SOURCE DATA:
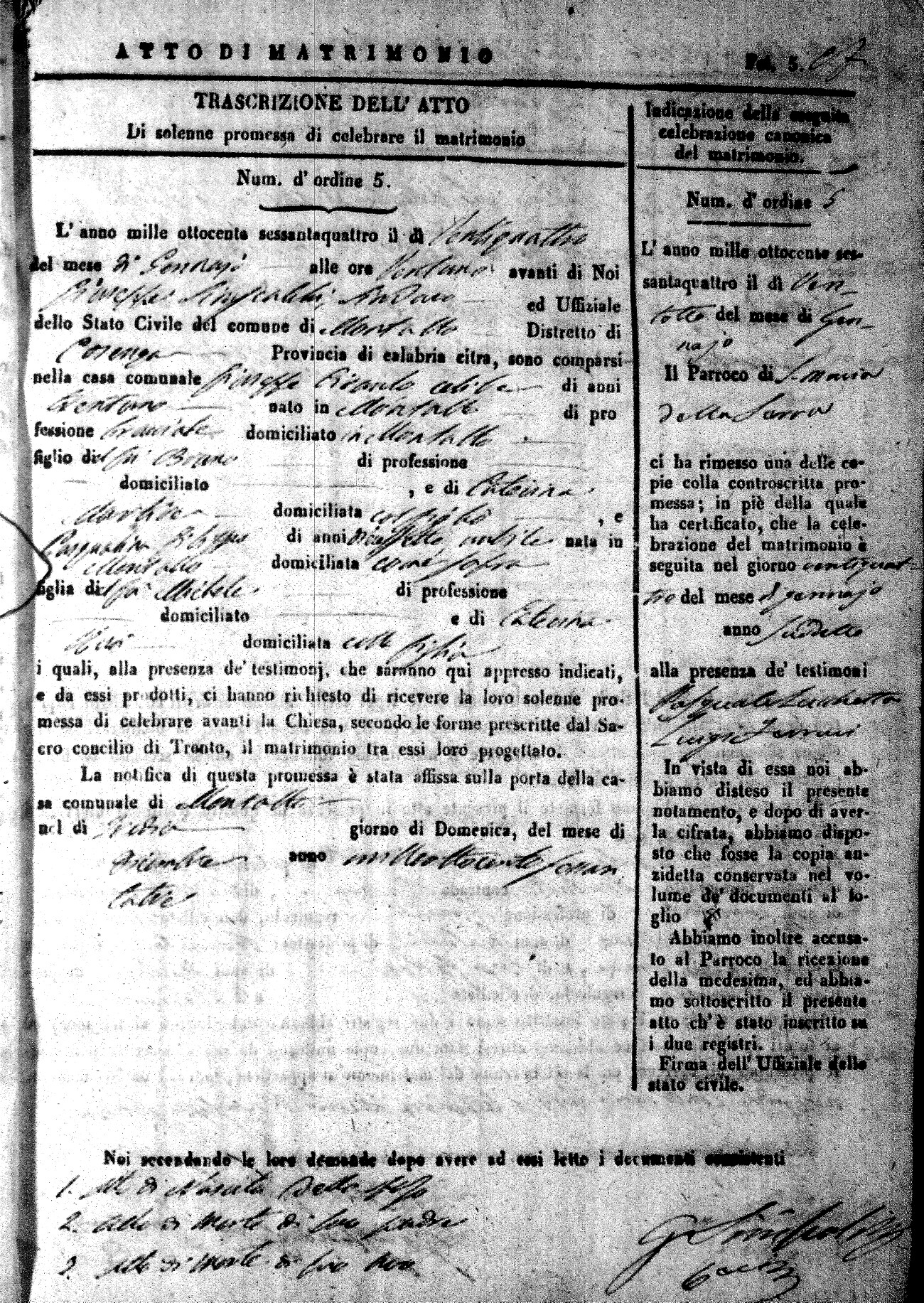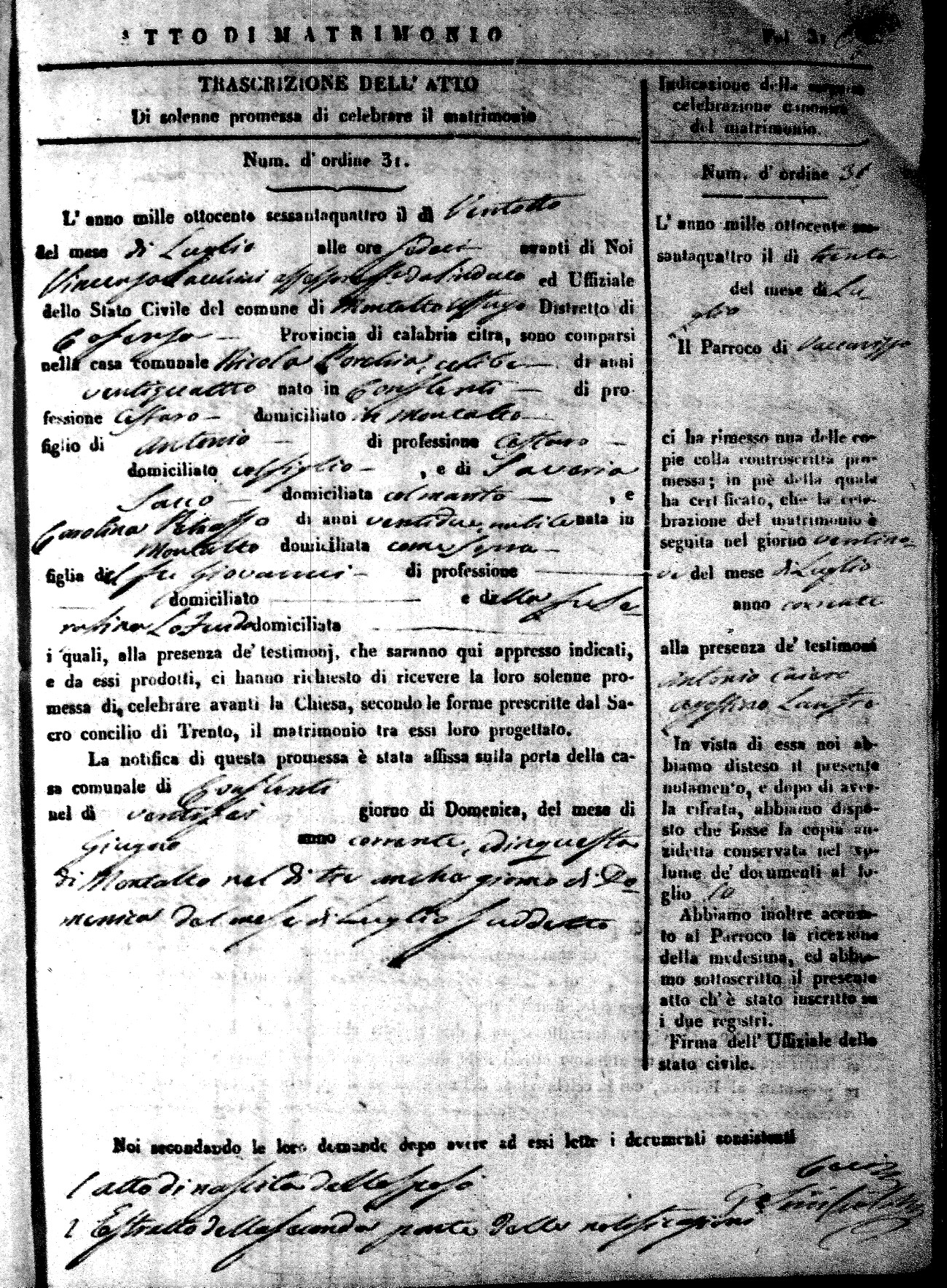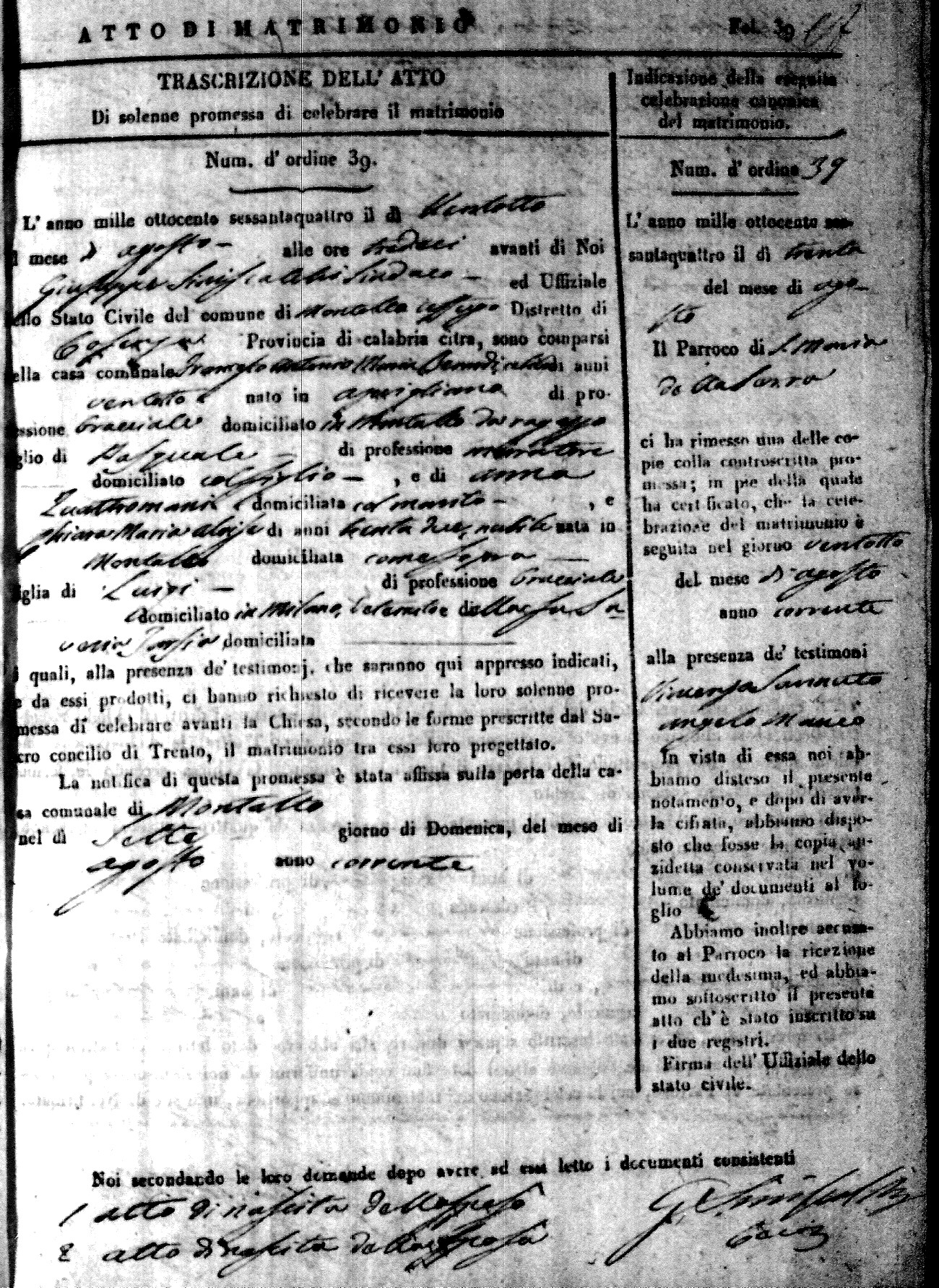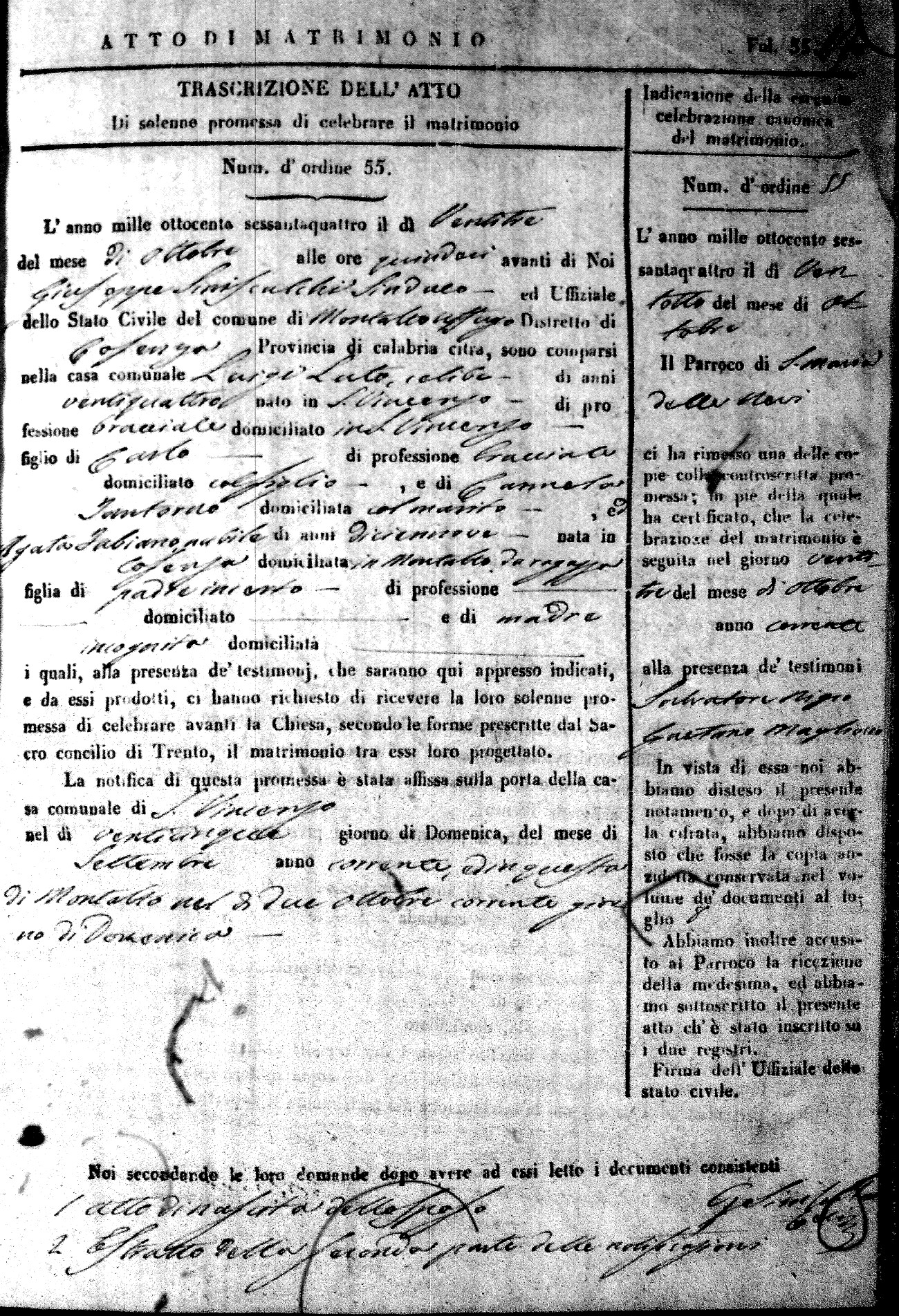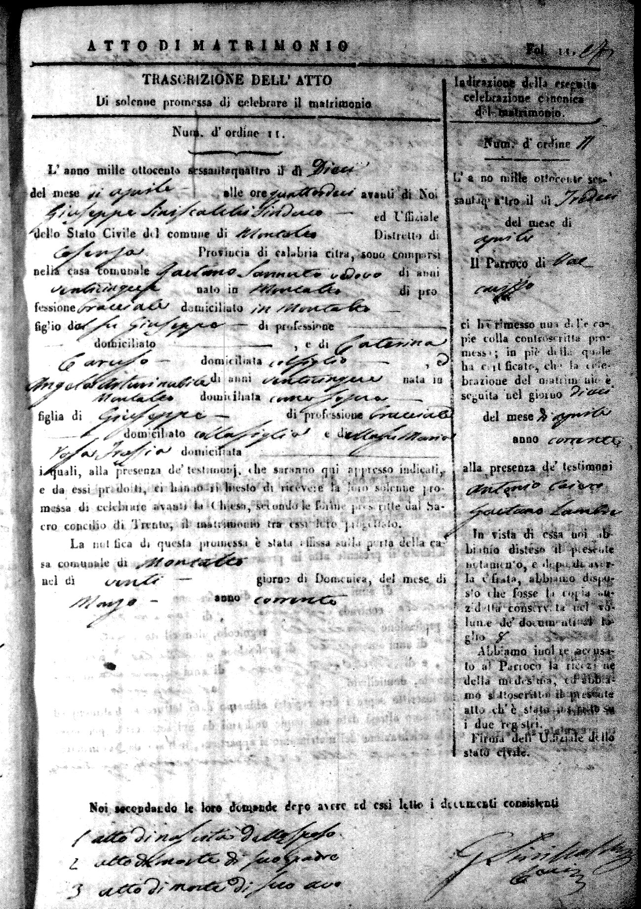 Here are the extractions for all the marriage acts in 1864 for Montalto Uffugo. To save time we have only transcribed the names of the groom and bride. For more information, click on the groom's surname to view a copy of the original document.
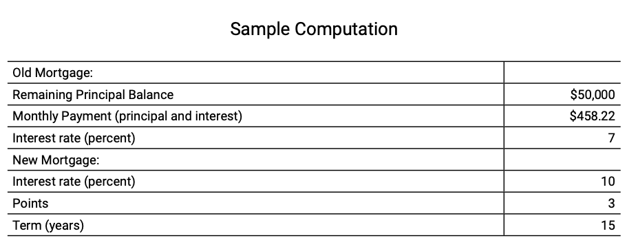The Agency must know the remaining principal balance, the interest rate, and monthly principal and interest payments for the old mortgage as well as the interest rate, points and term for the new mortgage to compute the increased mortgage interest costs. If the combination of interest and points for the new mortgage exceeds the current prevailing fixed interest rate and points for conventional mortgages and there is no justification for the excessive rate, then the current prevailing fixed interest rate and points shall be used in the computations. Justification may be the unavailability of the current prevailing rate due to the amount of the new mortgage, credit difficulties, or other similar reasons.
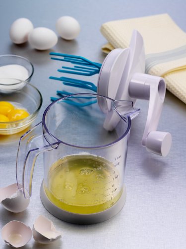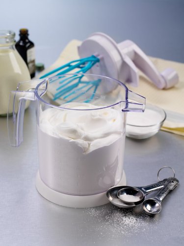 This multitasking Easy Prep Quick Mixer can whip cream, beat eggs, mix batter, and emulsify dressings in seconds. You can beat stiff peaks in under a minute. The multiple mixing blades make lighter, fluffier whipped cream everyone will rave about.
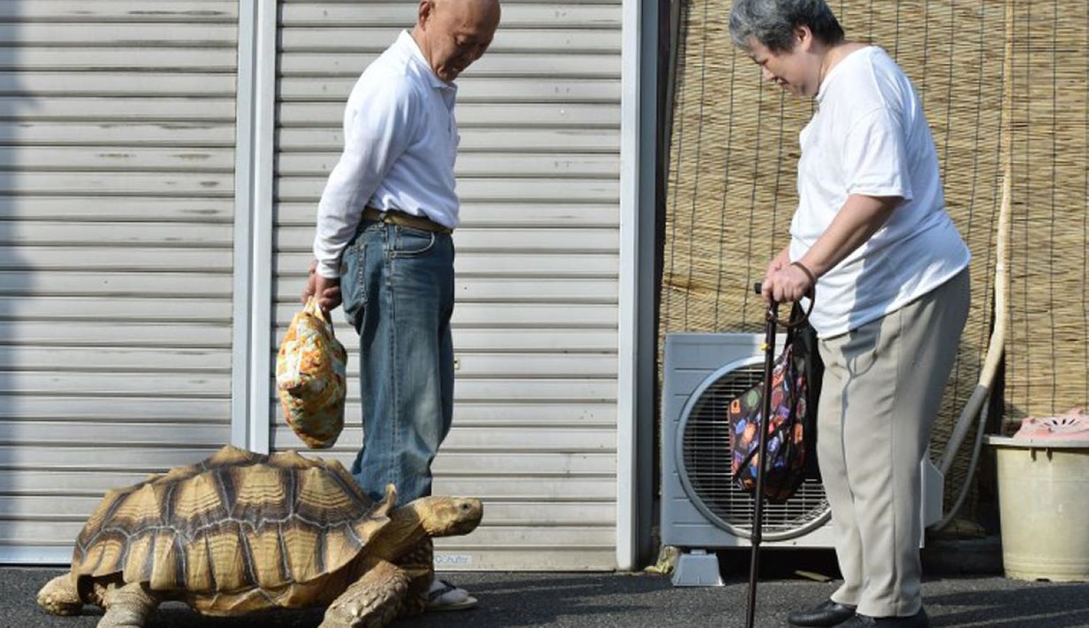 يعتني مسن ياباني بسلحفاة افريقية وكأنها حيوان أليف بوزن 70 كيلوغراماً. فقد اعتاد هيساو ميتاني وسلحفاته الأفريقية العملاقة (الملقبة بون تشان) منذ فترة طويلة رؤية الناس يستديرون إليهما وهم يسيرون في شوارع طوكيو، حتى إنه أصبح “ناراً على علم” في حيه. فمن الصعب ألا يلاحظك أحد عندما تكون بصحبة سلحفاة عملاقة تزن 70 كيلوغرامًا، بحسب موقع (futura.sciences) .
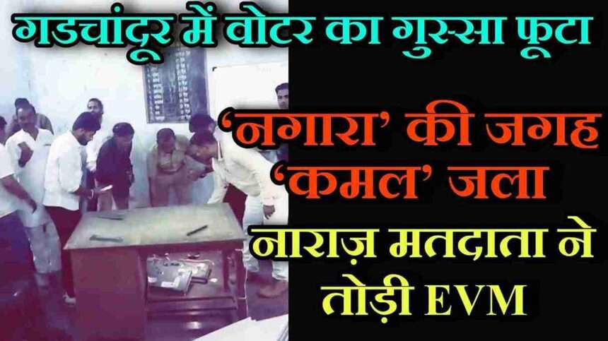 गडचांदूर नगर पालिका चुनाव के दौरान मंगलवार को एक बड़ा और चौंकाने वाला मामला सामने आया, जिसने प्रदेश की चुनावी प्रक्रिया पर गंभीर सवाल खड़े कर दिए हैं। आदर्श हिंदी विद्यालय के बूथ क्रमांक 2 पर सायं 5:20 बजे, मतदाता राम दुर्गे ने जैसे ही नगारा चुनाव चिन्ह का बटन दबाया, मशीन पर कमल प्रतीक की लाइट जल उठी। यह देखते ही मतदान केंद्र में मौजूद लोग हैरान रह गए और मतदाता दुर्गे का गुस्सा फूट पड़ा।

TRY IT:
Repeat each line of the records above exactly, but do not copy the pictures.

OUTPUT:
 Here are the extractions for all the marriage acts in 1864 for Montalto Uffugo. To save time we have only transcribed the names of the groom and bride. For more information, click on the groom's surname to view a copy of the original document.
The Agency must know the remaining principal balance, the interest rate, and monthly principal and interest payments for the old mortgage as well as the interest rate, points and term for the new mortgage to compute the increased mortgage interest costs. If the combination of interest and points for the new mortgage exceeds the current prevailing fixed interest rate and points for conventional mortgages and there is no justification for the excessive rate, then the current prevailing fixed interest rate and points shall be used in the computations. Justification may be the unavailability of the current prevailing rate due to the amount of the new mortgage, credit difficulties, or other similar reasons.
 This multitasking Easy Prep Quick Mixer can whip cream, beat eggs, mix batter, and emulsify dressings in seconds. You can beat stiff peaks in under a minute. The multiple mixing blades make lighter, fluffier whipped cream everyone will rave about.
 يعتني مسن ياباني بسلحفاة افريقية وكأنها حيوان أليف بوزن 70 كيلوغراماً. فقد اعتاد هيساو ميتاني وسلحفاته الأفريقية العملاقة (الملقبة بون تشان) منذ فترة طويلة رؤية الناس يستديرون إليهما وهم يسيرون في شوارع طوكيو، حتى إنه أصبح “ناراً على علم” في حيه. فمن الصعب ألا يلاحظك أحد عندما تكون بصحبة سلحفاة عملاقة تزن 70 كيلوغرامًا، بحسب موقع (futura.sciences) .
 गडचांदूर नगर पालिका चुनाव के दौरान मंगलवार को एक बड़ा और चौंकाने वाला मामला सामने आया, जिसने प्रदेश की चुनावी प्रक्रिया पर गंभीर सवाल खड़े कर दिए हैं। आदर्श हिंदी विद्यालय के बूथ क्रमांक 2 पर सायं 5:20 बजे, मतदाता राम दुर्गे ने जैसे ही नगारा चुनाव चिन्ह का बटन दबाया, मशीन पर कमल प्रतीक की लाइट जल उठी। यह देखते ही मतदान केंद्र में मौजूद लोग हैरान रह गए और मतदाता दुर्गे का गुस्सा फूट पड़ा।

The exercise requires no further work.